In practical applications, since the division of character features includes a plurality of kinds, and each user may have two kinds of character features, that is, in view of the middle of the two kinds of character features. In this case, when the user's character tag and the insurance product tag are multiple, the embodiment of the present invention provides a method for selecting the target insurance product matching the character tag from the preset insurance product database, as shown in fig. 3, fig. 3 is a basic flow diagram of a method for selecting the target insurance product matching the character tag from the preset insurance product database.

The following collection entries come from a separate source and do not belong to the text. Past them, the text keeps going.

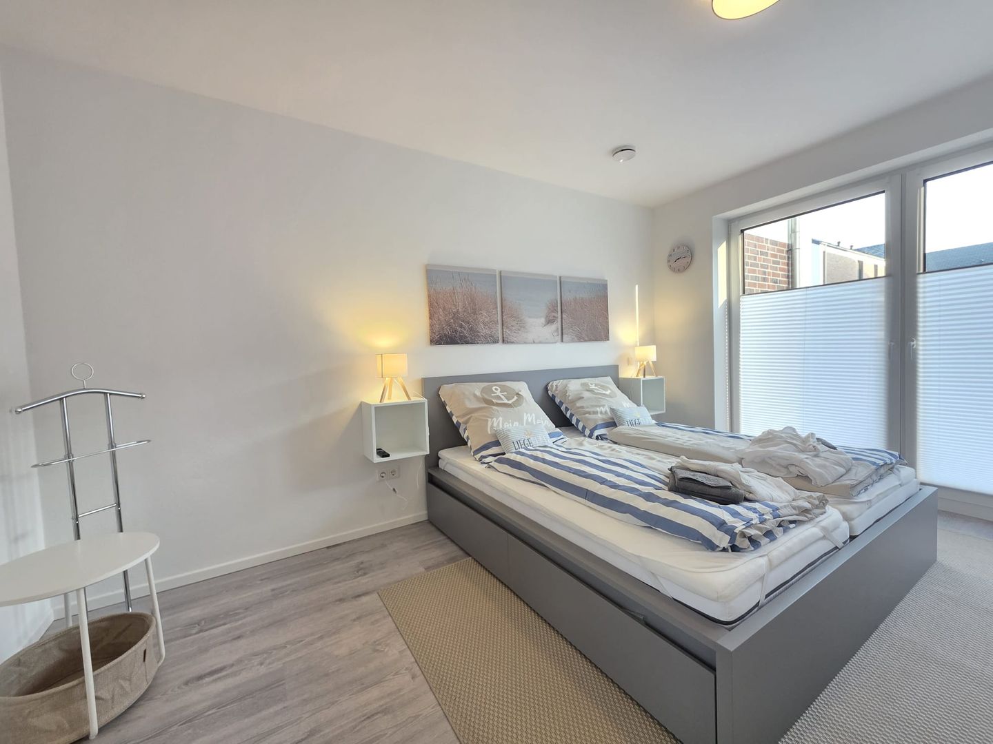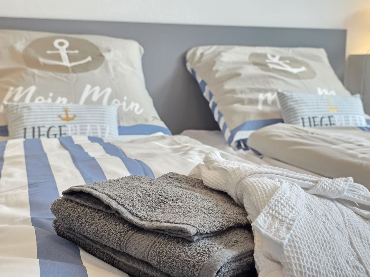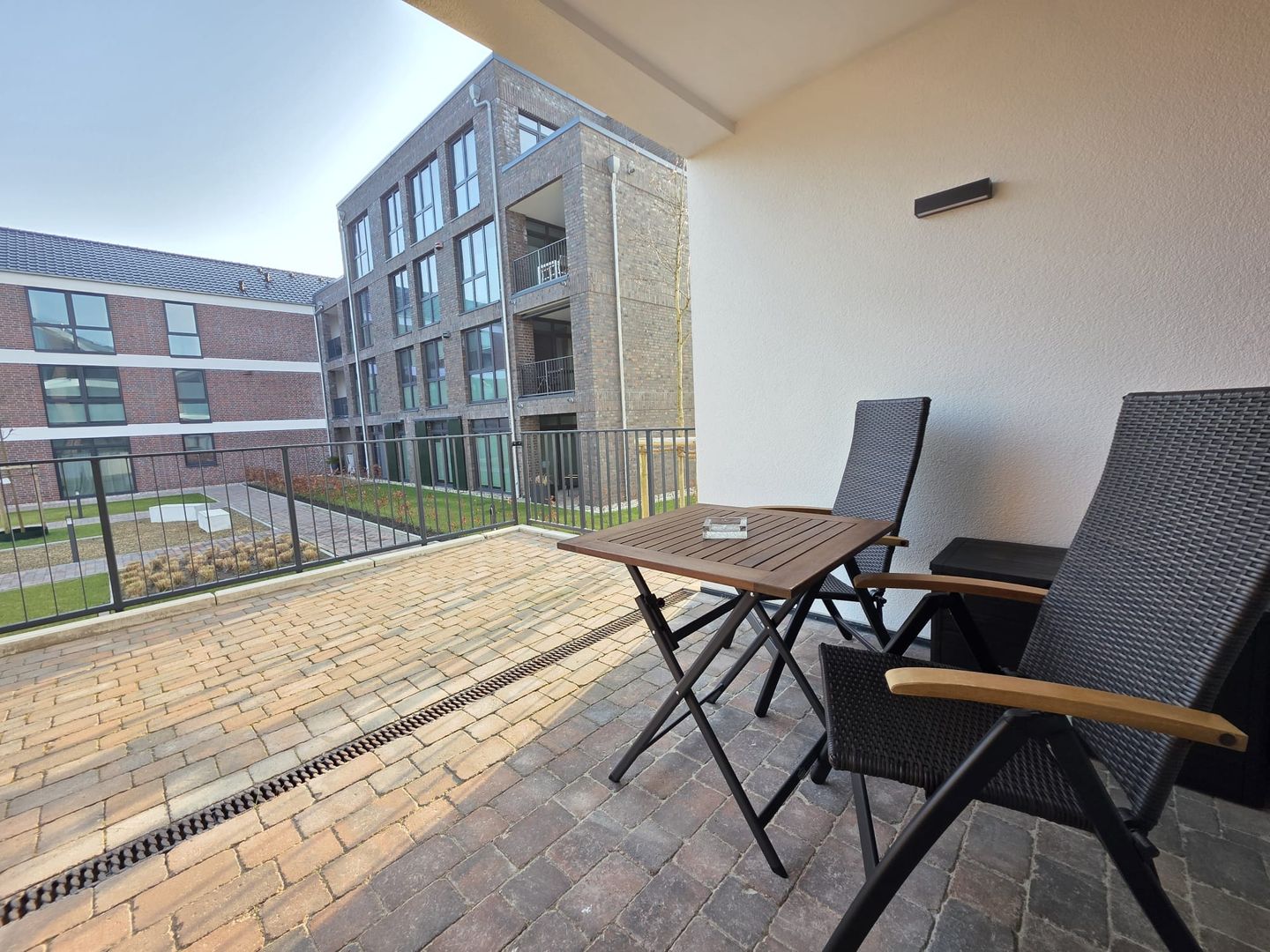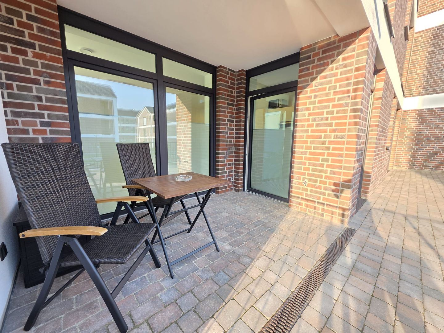 Ein besonderes Highlight ist die große Terrasse, die zu den schönsten Plätzen der Wohnung gehört. Ob beim Frühstück an der frischen Nordseeluft oder beim gemütlichen Abend – hier können Sie Ihren Urlaub in vollen Zügen genießen. Die Terrasse bietet ausreichend Platz für leichte Yoga- oder Stretchingübungen; eine Yoga-/Fitnessmatte ist bereits in der Wohnung vorhanden.
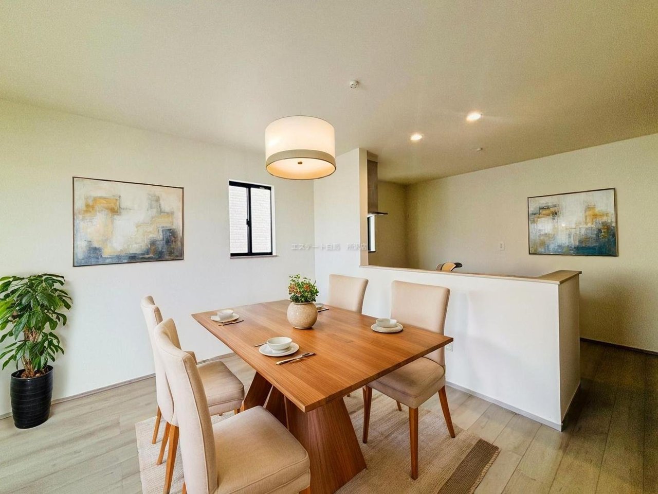 A号棟 家族団欒のリビング。陽光差し込む食卓には家族の会話とスマイルが溢れます。いつまでもここで食卓を囲みたくなる、そう感じさせてくれるスペース。 2026/04/16m
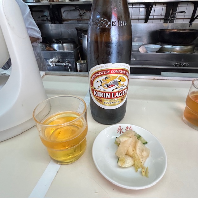 付け合わせのピリ辛おしんこがまた良い。シャキッとした歯ごたえと唐辛子の刺激が、ビールの旨さを引き立てる。
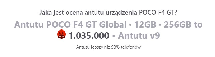 Opis trzeba zacząć od cechy najważniejszej. W POCO F4 GT jest to wydajność. Snapdragon 8 Gen 1 steruje mocą obliczeniową. Wielozadaniowość układu napędza 8 GB RAM typu LPDDR5, co pozwala osiągnąć ponad 1 000 000 punktów w benchmarku AnTuTu. Całkiem sporo nawet obecnie!
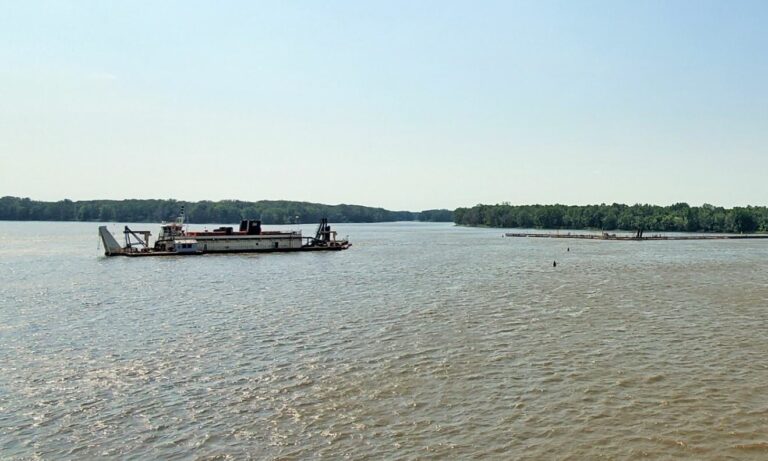 According to USACE, the dredging crew will break the pipeline apart to allow for safe navigation from 11:30 a.m. to noon and from 4:30 to 5 p.m. daily.
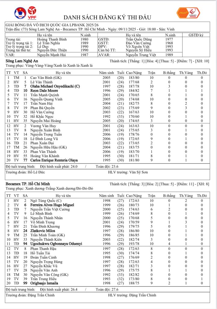 Danh sách đăng ký thi đấu CLB Sông Lam Nghệ An vs CLB Becamex TP.HCM (vòng 11 Giải VĐQG LPBank 2025/26)
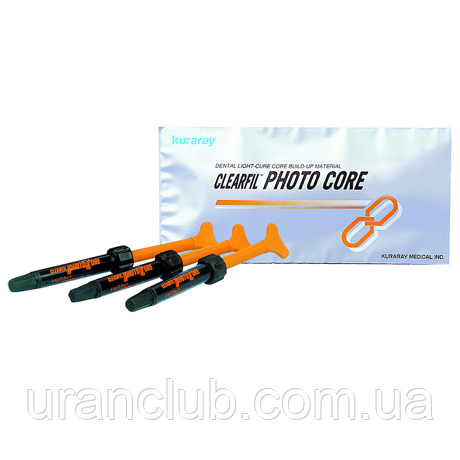Светоотверждаемый композит, плотно наполнен и специально разработан для восстановления коронковой части зуба. Материал полностью нолимеризуеться на глубину 7 мм в течение всего 40 сек., Что является уникальным. В клиницистов есть возможность упростить процедуру использования медных колпачков, матриц и избыточных слоев материала, особенно при использовании специальной системы колпачков Kuraray Core Build Ups. Clearfil Photo Core после затвердевания препарируется так же как и дентин, является рентгеноконтрастным и не прилипает к инструменту при нанесении его в полость. Он также может быть нанеcений с помощью Centrix-аппликатора. Имея компрессионную прочность 334 МПа, Clearfil Photo Core идеально подходит для маленьких и больших реставраций на поздравительных и депульпированных зубах.
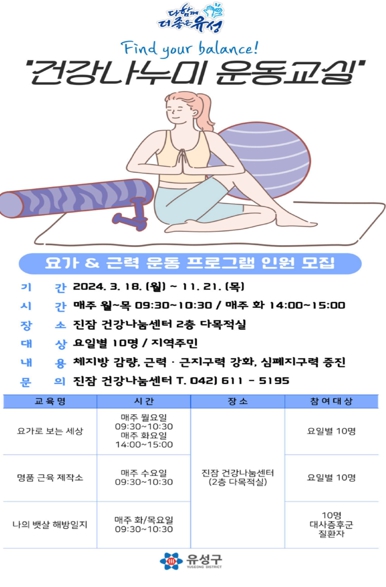 [뉴스서울] 대전 유성구는 오는 3월 18일부터 11월까지 주민 맞춤형 운동프로그램을 제공해 건강격차를 해소하는 건강나누미 운동교실을 운영한다.
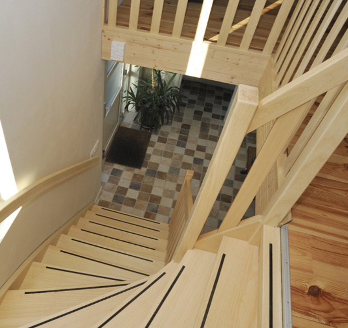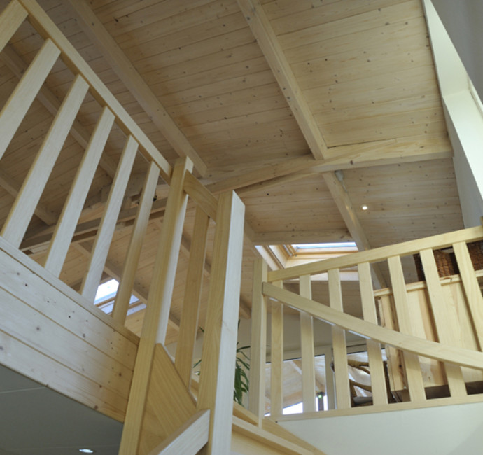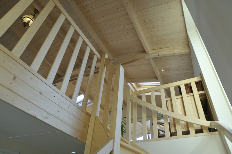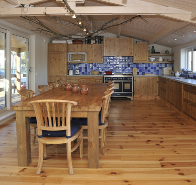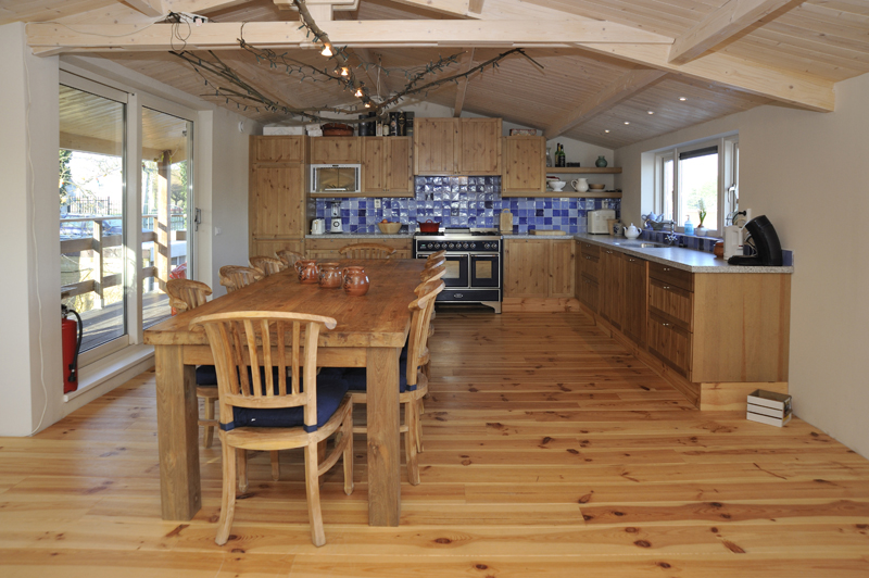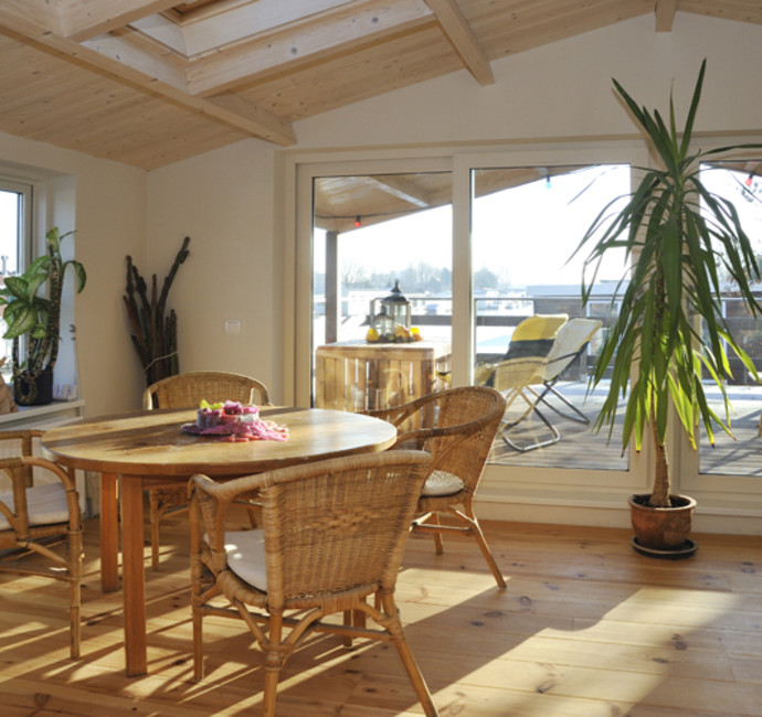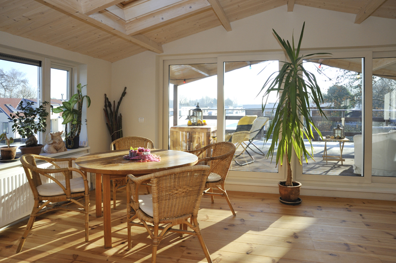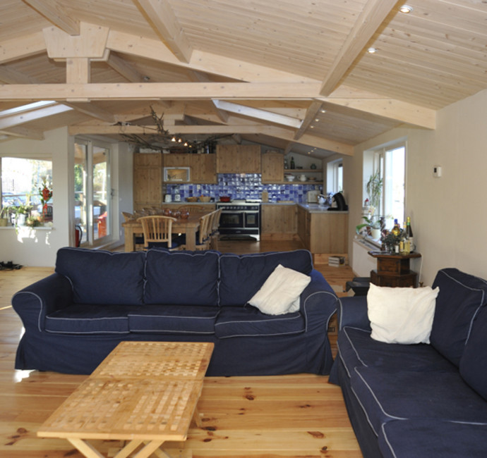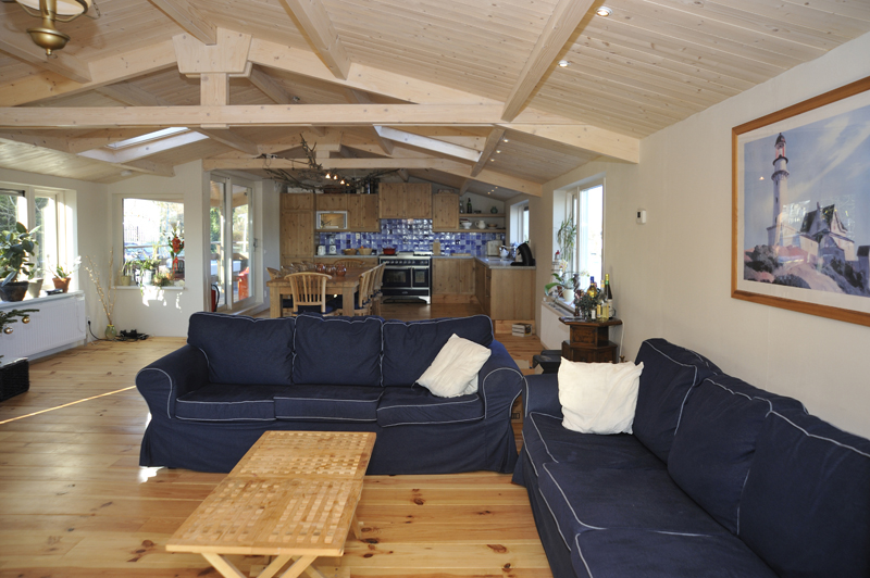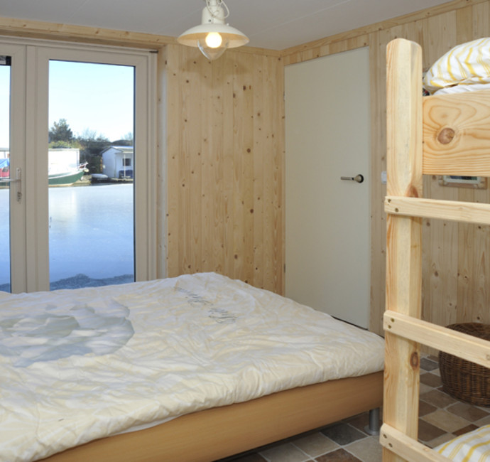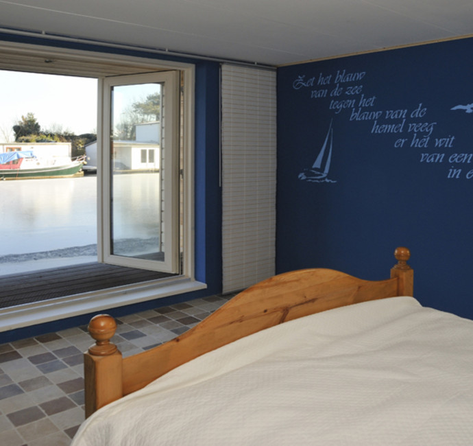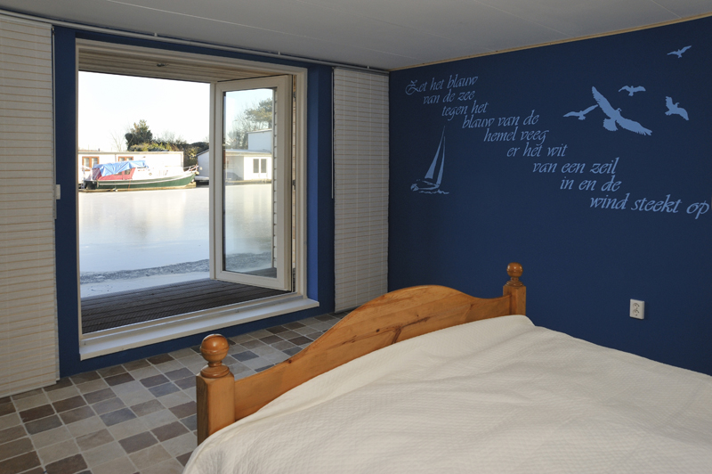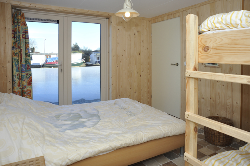 ‘Met de vloer- en plafondafwerking hebben we een groot deel van de sfeer in onze ark bepaald. Kijk maar eens naar het schuine dak met in het zicht de dakspanten. We vinden het leuk om de dakconstructie met daartussen mooi betimmerd hout te zien. Het lijkt wel een beetje een blokhut en geeft echt een vakantiegevoel. Nu we erin wonen, hadden we achteraf onze ramen nog wel groter gewild.’
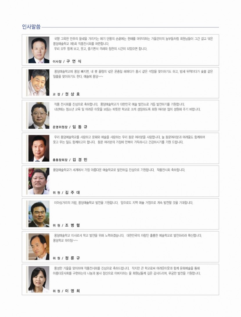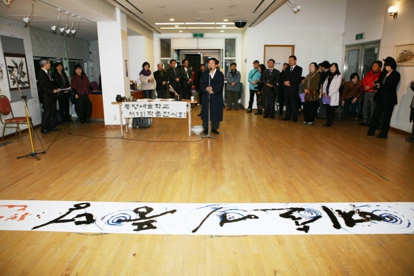 (인사말) 사실 표구를 잘하여 벽에 걸어 둔 멋진 글씨를 보는 것도 감흥을 주지만 점획을 긋는 순간마다 손끝에 와 닿는 변화무쌍한 느낌과는 비할 바가 못 된다. 이것이 라이브 서예의 즐거움이다. 풍덩에 풍덩 빠지면, 내 붓 꼴림의 넋은 온종일 헤매다가 홍시 같은 석양을 맞이하기도 하고, 밤새 뒤척이다가 숯불 같은 일출을 맞이하기도 한다.

Specifically, as shown in fig. 3, step S1300 includes the steps of:
s1321, comparing the character label of the user with the label of the insurance product in the insurance product database;
in the embodiment of the present invention, the method for comparing the character tag of the user with the tag of the security product in the database of the security product refers to the embodiment shown in fig. 2, and will not be described herein.
S1322, when the character labels of the users and the labels of the insurance products in the insurance product database are the same, determining the number of the labels which are the same as the character labels of the users in each insurance product;
s1323, taking the insurance product with the largest label number as a target insurance product.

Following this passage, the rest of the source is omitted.